Para un veganismo en la coyuntura
Mencionábamos que la urgencia de la crisis ha alterado nuestra relación con los tiempos políticos. Nos enfrentamos a una encrucijada tan irresoluble como ineludible entre, por un lado, la necesidad de saltar por encima del gradualismo político más moroso; por otro, la exigencia de conocer y gobernar la dureza del gradualismo técnico; y, finalmente, la inevitabilidad de producir estrategias adaptadas a nuestra debilidad coyuntural y a la lentitud que ella impone. Efectivamente, tan irresoluble como ineludible. Por supuesto, aspiramos al veganismo global como objetivo; por supuesto, necesitamos una táctica con la que empezar a ganar posiciones prontamente sobre el estado real de las cosas, que permita que ese objetivo sea algo más que una ensoñación.
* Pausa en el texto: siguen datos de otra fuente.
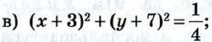 § 3. Уравнения окружности и прямой Ответы к § 3. Уравнения окружности и прямой960. а) А и С; б) В; в) В и D. 961. а) С; б) В; в) А и D. 963. а) (-4; -3), М;3);б) (4; 3), (-4; 3). 964. а) (3; 0), (3; 10); б) (-2; 5), (8; 5). 965. 1) х2 + у2 = 9; 2) х2 + у2 = 2; 966. а) х2 + (у-5)2 = 9; б) (х + 1)2 + (y - 2)2 = 4; 1 4 967. х2 + у2 = 10. 968. х2 + (у - 6)2 = 25. 969. а) (х - 2)2 + (y - 1)2 = 41; б) (х - 3)2 + (у - 1)2 = 5. 970. (х - 5)2 + у2 = 25, (х + 3)2 + у2 = 25; две окружности. 971. х2 + (у - 4)2 = 25. 972. б) х + у- 7 = 0; в) 3х - 2у + 2 = 0. 973. 7х - у + 3 = 0. 974. а) х - у = 0, у - 1 = 0; б) 3х - 5у + 5 = 0. 975. (-4; 0) и (0; 3). 976. (3;-2). 977. х = 2 и у = 5. 979. 7. 980. 5х + 2у - 10 = 0, 5х - 2у - 10 = 0, 5х + 2у + 10 = 0, 5х - 2у + 10 = 0 или 2х + 5у- 10 = 0, 2х - 5у -10 = 0, 2х + 5y + 10 = 0, 2х - 5у+ 10 = 0. 982. а) Окружность радиуса 4 с центром В; б) окружность радиуса 983. Окружность с центром в точке О радиуса 985. Серединный перпендикуляр к отрезку АВ', где В' и В — точки, симметричные относительно точки А. 986. Прямая ВС. Указание. Выбрать прямоугольную систему координат так, чтобы точки А и В лежали на оси Ох и были симметричны относительно оси Оу. 987. Прямая, проходящая через точку пересечения диагоналей ромба и перпендикулярная к стороне ромба.

Para ello, podemos imaginar ciertas iniciativas por las que batallar dentro del orden actual y que, en algunos casos particulares y con la dosis necesaria de intervención sociopolítica, podría empezar a forzar los límites de dicho orden.
Por empezar por algunas propuestas no demasiado rompedoras —aunque tengamos claro que cualquier sugerencia en este sentido va a ser recibida con una hostilidad desquiciada— y por abonar el terreno sobre el que intervenir, es vital contar con información actualizada y equipos de nutricionistas que conozcan estas realidades en centros de salud y educativos. Como cualquier persona vegana seguramente sepa, es agotador enfrentarse al cuestionamiento sobre los supuestos problemas de salud a los que nos estamos arriesgando por parte de profesionales que no han tenido el mínimo interés en informarse sobre la materia o, directamente, no saben siquiera en qué consiste una dieta vegana. Es casi seguro que en las próximas décadas se producirá una transición a algún tipo de alimentación distinto al actual, así que es fundamental que nuestros equipos sanitarios sepan orientarnos y que contemos con nutricionistas expertos en estas transiciones. En términos puramente nutricionales, para la mayoría de la población no debería resultar particularmente complicado llevar una dieta vegana, pero es normal que existan dudas en el caso de gente que padezca alguna enfermedad, gente mayor, personas embarazadas o gente al cuidado de bebés, por poner algún ejemplo, así que la posibilidad de incorporar estas consultas al sector público y que no dependan de la capacidad económica individual, tal y como se reclama para la salud mental, no debería resultar especialmente innovador. Incluso si no se produjera una transición generalizada a dietas veganas parece recomendable contar con información profesional sobre dietas saludables…, ¡y seguramente nos recomendarían a todes que abrazáramos el veganismo!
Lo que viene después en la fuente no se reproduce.